▼

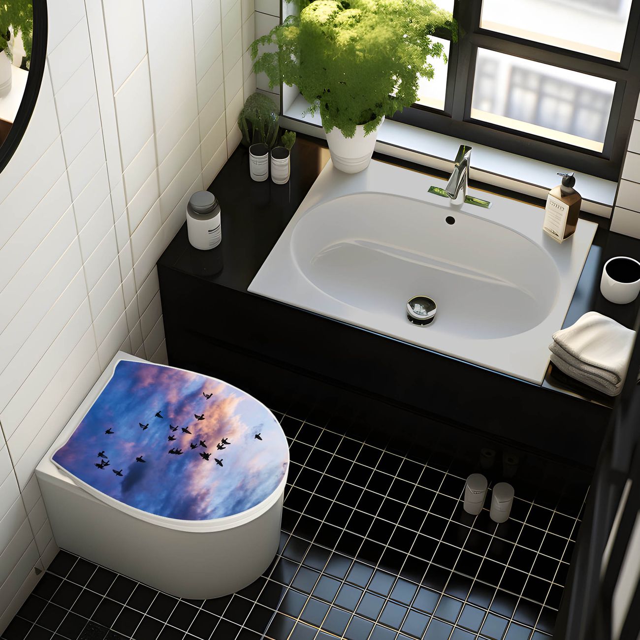 Premium WC-Sitz Softclose Absenkautomatik Motiv Vögel am Himmel 3
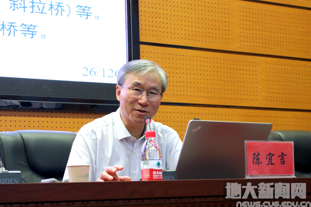 随后,陈宜言教授作客工程文化论坛,为师生作了题为《中国桥梁创新发展之路》的学术报告。他从中国桥梁发展历程、城市桥梁美学赏析、波形钢腹板梁桥发展与创新、SPMT快速拆架桥技术等方面,为师生讲解了我国桥梁发展历史及前沿科学研究,并与师生开展交流互动。
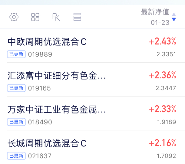 中欧周期优选,今晚更新涨了+2.43%
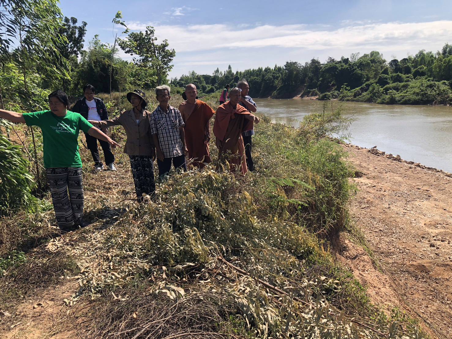 กาฬสินธุ์-พระ-ชาวบ้านในต.ลำชี อ.ฆ้องชัย จ.กาฬสินธุ์ ลุยชี้จุดก่อสร้างเขื่อนป้องกันตลิ่งริมแม่น้ำชี หลังวัดลำชีศรีวนาราม ...
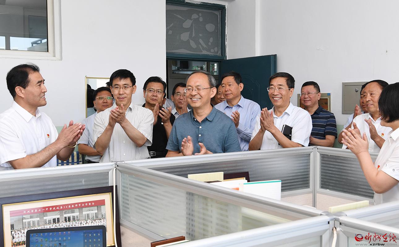 每到一處,朱曉東都向教師們致以節(jié)日問(wèn)候。長(zhǎng)征小學(xué)西校區(qū)是一所高標(biāo)準(zhǔn)規(guī)劃、高水平建設(shè)的新建學(xué)校,今年秋季學(xué)期投入使用。朱曉東察看電子圖書(shū)閱覽等教學(xué)新設(shè)施,了解學(xué)校開(kāi)設(shè)的書(shū)法、歌唱、手工、足球、乒乓球、跆拳道、機(jī)器人組裝等特色教育課程,隨機(jī)檢查學(xué)生飲用水機(jī)具,向從基層選拔聘用的優(yōu)秀教師代表贈(zèng)送書(shū)籍,勉勵(lì)大家珍惜崗位,肩負(fù)起時(shí)代賦予的重任,全心全意培養(yǎng)好人才。具有40多年歷史的忻州六中辦學(xué)底蘊(yùn)厚重,近年來(lái)與時(shí)俱進(jìn)提升教學(xué)能力。朱曉東實(shí)地了解學(xué)校發(fā)展情況后,一一為教師代表獻(xiàn)上鮮花,感謝大家辛勤付出,希望學(xué)校越辦越好,讓孩子們?cè)趯W(xué)校有更多收獲。忻州高級(jí)中學(xué)教學(xué)設(shè)施先進(jìn),教師隊(duì)伍素質(zhì)高、經(jīng)驗(yàn)豐富,今年學(xué)校畢業(yè)班高考再次取得好成績(jī)。朱曉東詳細(xì)了解學(xué)校歷史和往屆學(xué)生成就,鼓勵(lì)教師們放長(zhǎng)眼光,對(duì)照更高標(biāo)準(zhǔn)繼續(xù)努力,為忻州增光添彩。
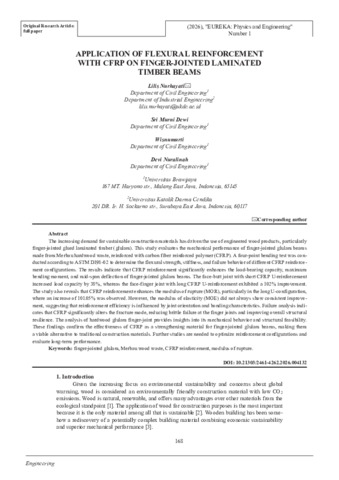 Nurhayati, Lilis and Dewi, Sri Murni and Wisnumurti, Wisnumurti and Nuralinah, Devi (2026) APPLICATION OF FLEXURAL REINFORCEMENT WITH CFRP ON FINGER-JOINTED LAMINATED TIMBER BEAMS. EUREKA: Physics and Engineering, 1 (1). pp. 168-180. ISSN 2461-4254

▲

### Directions for this task
Of the lines above, quote exactly those from the one with "随后,陈宜言教授作客工程文化" through the one with "กาฬสินธุ์-พระ-ชาวบ้านในต.ลำชี อ.ฆ้องชัย จ.กาฬสินธุ์", ends included; pictures stay out.

### Solution
 随后,陈宜言教授作客工程文化论坛,为师生作了题为《中国桥梁创新发展之路》的学术报告。他从中国桥梁发展历程、城市桥梁美学赏析、波形钢腹板梁桥发展与创新、SPMT快速拆架桥技术等方面,为师生讲解了我国桥梁发展历史及前沿科学研究,并与师生开展交流互动。
 中欧周期优选,今晚更新涨了+2.43%
 กาฬสินธุ์-พระ-ชาวบ้านในต.ลำชี อ.ฆ้องชัย จ.กาฬสินธุ์ ลุยชี้จุดก่อสร้างเขื่อนป้องกันตลิ่งริมแม่น้ำชี หลังวัดลำชีศรีวนาราม ...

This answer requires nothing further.